:: Data provided ::

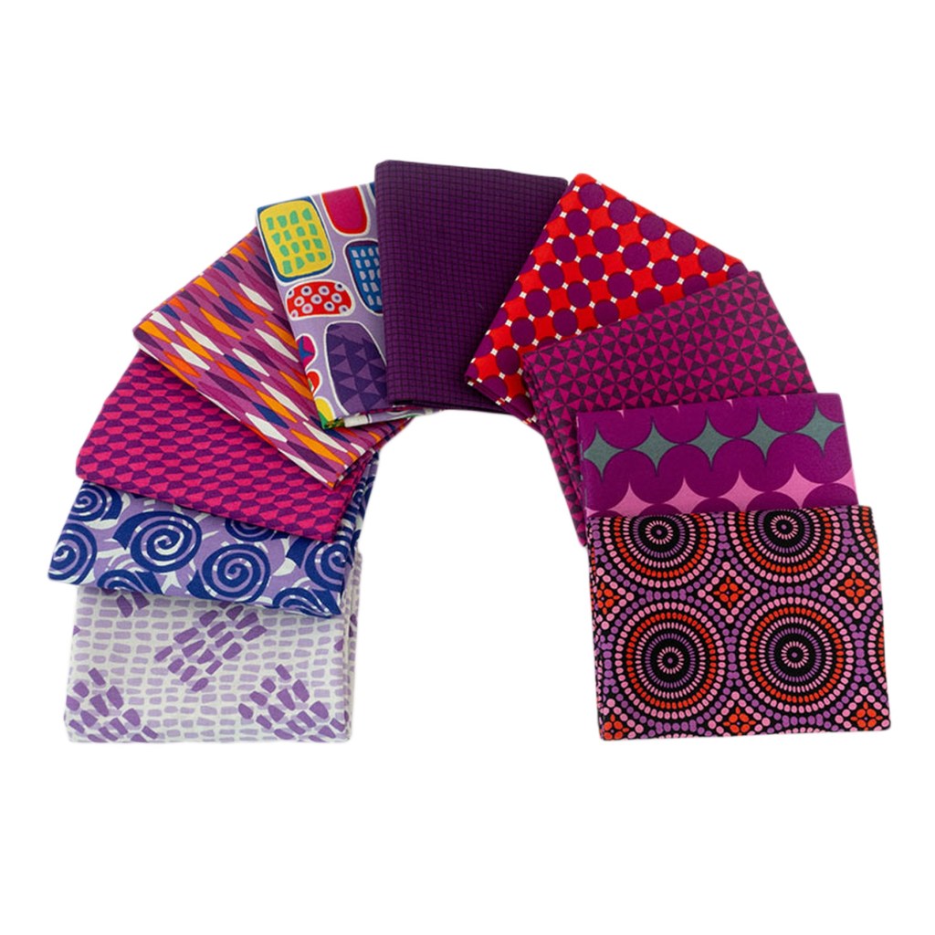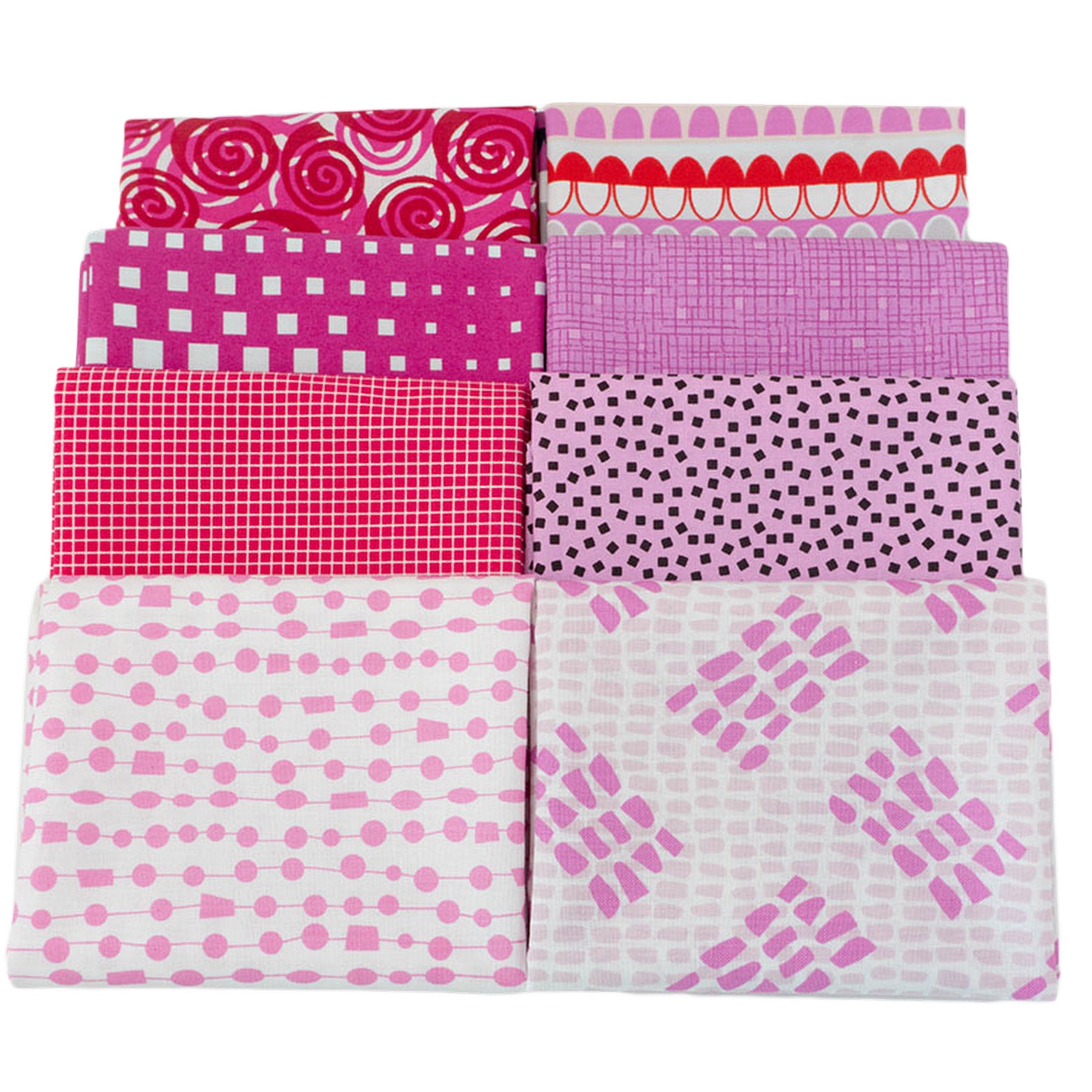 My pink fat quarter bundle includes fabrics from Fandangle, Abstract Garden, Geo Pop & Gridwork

:::
:: Data provided ::

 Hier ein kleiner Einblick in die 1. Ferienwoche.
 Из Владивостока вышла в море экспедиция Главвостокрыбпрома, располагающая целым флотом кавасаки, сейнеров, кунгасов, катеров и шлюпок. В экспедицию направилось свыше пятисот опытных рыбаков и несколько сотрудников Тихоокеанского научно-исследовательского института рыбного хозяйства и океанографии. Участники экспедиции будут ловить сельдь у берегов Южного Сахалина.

:::

> **Problem description**: As listed above, the lines from the line with "Hier ein kleiner" to the line with "Из Владивостока вышла" are to be echoed exactly, with both ends included and nothing added.

> **Exercise output**:
 Hier ein kleiner Einblick in die 1. Ferienwoche.
 Из Владивостока вышла в море экспедиция Главвостокрыбпрома, располагающая целым флотом кавасаки, сейнеров, кунгасов, катеров и шлюпок. В экспедицию направилось свыше пятисот опытных рыбаков и несколько сотрудников Тихоокеанского научно-исследовательского института рыбного хозяйства и океанографии. Участники экспедиции будут ловить сельдь у берегов Южного Сахалина.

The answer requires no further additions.